Do I? Liam’s eye had caught something in his peripheral, in the kitchen. He lurched to his feet and walked straight for the refrigerator.
Leah started to speak, but Liam wasn’t listening. He gripped a post-it note that’d been stuck on the door, still clear and fresh in spite of the time.
It was in Nelly’s handwriting. ‘We tried to stay here and wait for you, but there isn’t any time. I’m going to a friend’s cabin with Lilith. Please find us. We need you, Liam.’ There was an address and directions to a small town called “Ponderosa”, located deep in Sequoia National Park.
He laughed. This was exactly what he was looking for! The time capsule he needed. The breadcrumb that would let him persevere.
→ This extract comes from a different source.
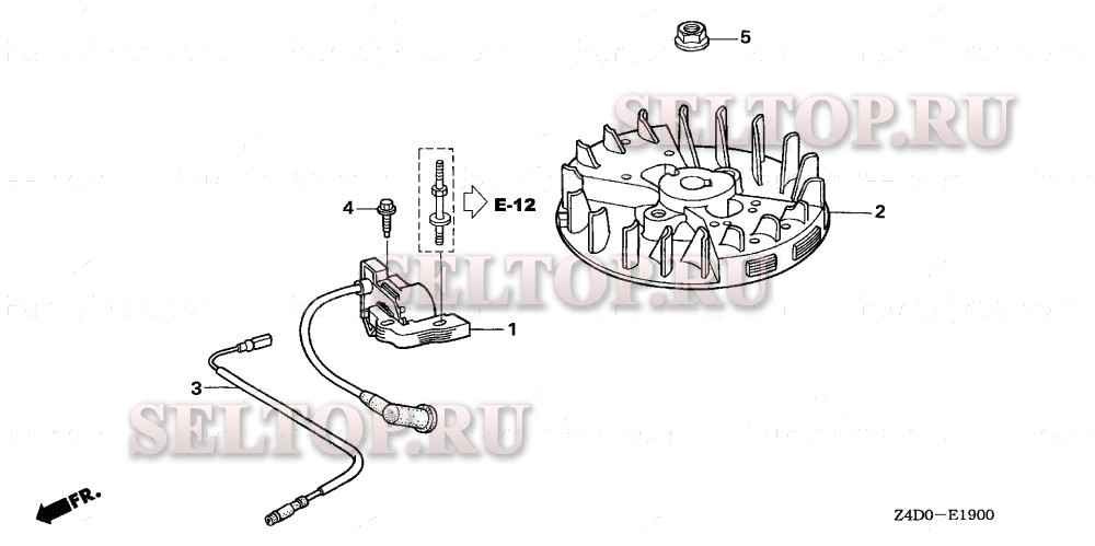 Маховик, катушка зажигания для Honda GXV50U SA, взрыв-схема:

Of course there was still hope. Why wouldn’t there be?
Leah glanced at the note. “This was written twelve years ago…”
“And? You said that I’m the first living person that you’ve seen. Well, what’s to say that there aren’t more out there, but they’re just in hiding?” The pause she gave was all he needed. “Exactly. There’d be no safer place to be than an unincorporated community at high elevation. Good natural defenses, plenty of game, low population, cold weather. Don’t know how well that last bit works on you lot, but it does wonders against spoilage. Nelly is just like me. She’d know how to survive this!”
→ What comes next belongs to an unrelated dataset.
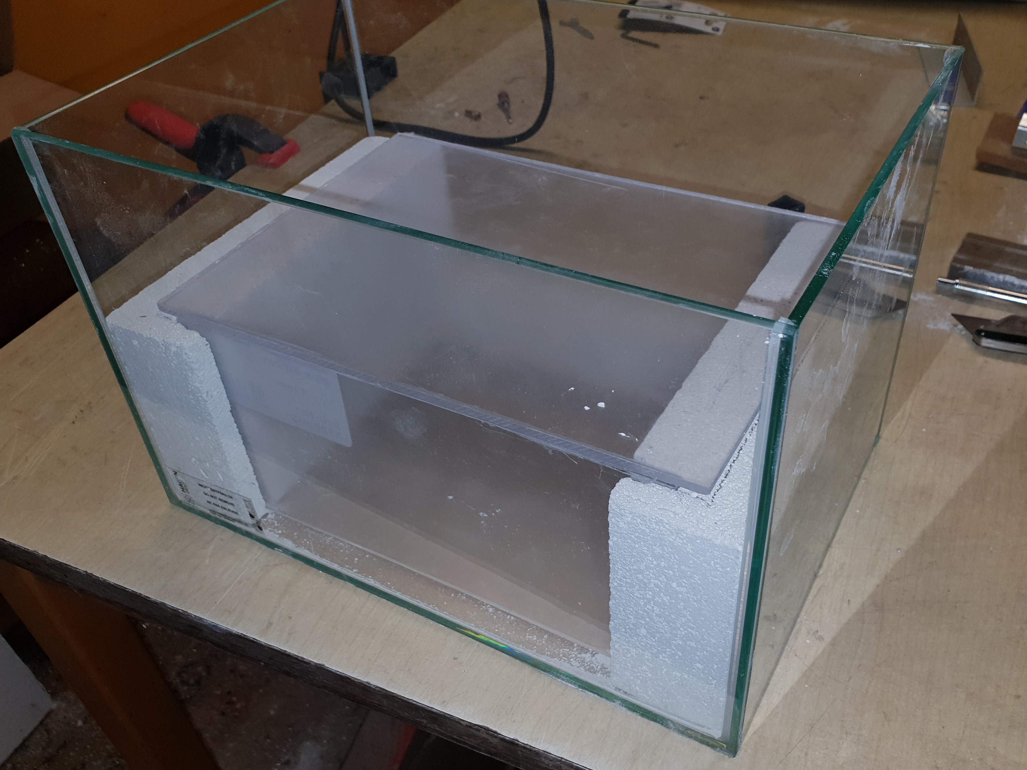 Das kleine Billigaquarium ist 30cm x 20cm x 20cm.

But Leah just furrowed her brow. “You can’t be serious.”
He shoved the note in his pocket. “Tell you what. You can come with me. It’ll be less than a week on foot, a couple hours if you can get one of those trucks. If I’m wrong, you’ll never have to worry about me again.” He swallowed the lump in his throat, remembering what Mother had said about Leah. “You can do whatever you want with me after that. I won’t fight.”
Leah watched him in silence with those demonic, magenta eyes. Whatever trepidation Liam might have about indulging this contract, there was no way out of it. He could only do so much on his own, and he suspected that getting this far without complication was more luck than skill. He needed her just as much as she needed him.
Thunder roared as a gun went off. The shot was close.
“Come out, come out, Leah!” someone screamed from a megaphone. “I know you’re in there!”
Leah rushed to the nearest window. Her eyes bulged.
“What’s going on?” Liam asked, trying to poke past. “Who’s there?”
She removed the safety on her pistol. “The Devil himself.”